Source material.
· · · · ·

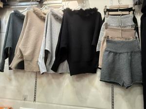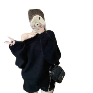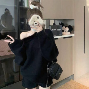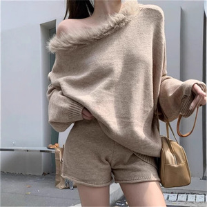领斜肩一字肩毛衣女2025秋冬新款宽松慵懒风针织衫短裤显瘦两件套
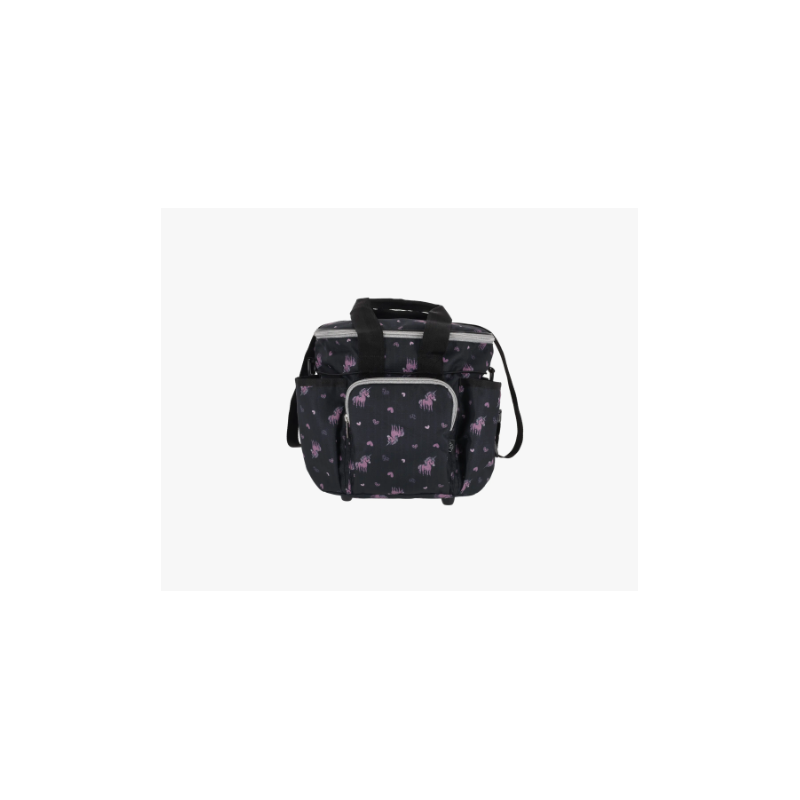 À l'intérieur, vous trouverez une poche à tirette, une poche transparente pour une carte et deux boucles pour des stylos. Plusieurs poches sont disposées tout autour du sac pour ranger des objets tels qu'une bouteille d'eau ou un spray pour votre poney. De plus, il y a une poche zippée sur le devant. Le sac est muni d'une bandoulière et de poignées pour faciliter le transport.
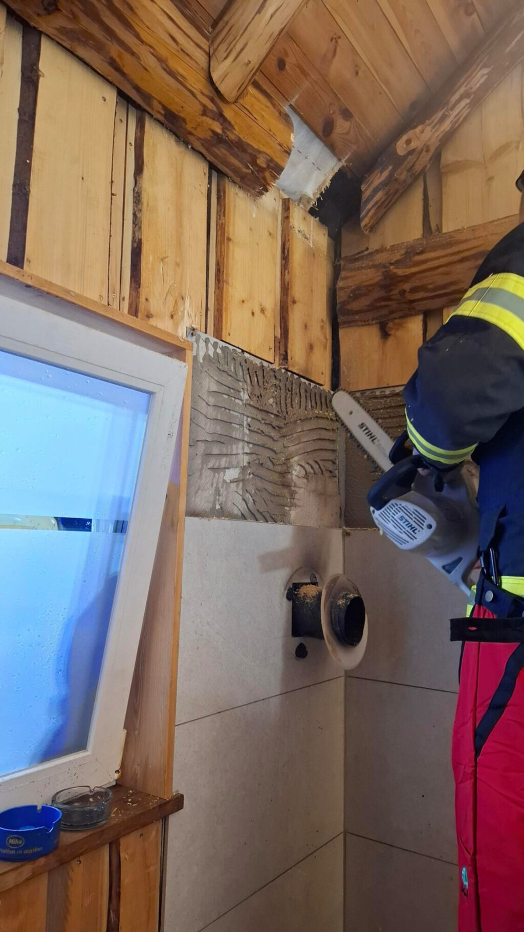 Vor Ort stellte sich der Verdacht schnell als berechtigt heraus: Aus der Eingangstür sowie der Dachentlüftung eines Nebengebäudes drang bereits Rauch. Im Bereich des Aufenthaltsraumes und des Dachstuhls hatte sich ein Schwelbrand entwickelt, der auf Teile der Holzkonstruktion übergriff.
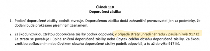Za škodu vzniklou ztrátou doporučené zásilky podnik odpovídá; v případě ztráty uhradí náhradu v paušální výši 917 Kč.

· · · · ·

Work item. Output precisely the lines in the material above from the line containing "Vor Ort stellte" through its last line, and omit pictures.

Solution.
 Vor Ort stellte sich der Verdacht schnell als berechtigt heraus: Aus der Eingangstür sowie der Dachentlüftung eines Nebengebäudes drang bereits Rauch. Im Bereich des Aufenthaltsraumes und des Dachstuhls hatte sich ein Schwelbrand entwickelt, der auf Teile der Holzkonstruktion übergriff.
Za škodu vzniklou ztrátou doporučené zásilky podnik odpovídá; v případě ztráty uhradí náhradu v paušální výši 917 Kč.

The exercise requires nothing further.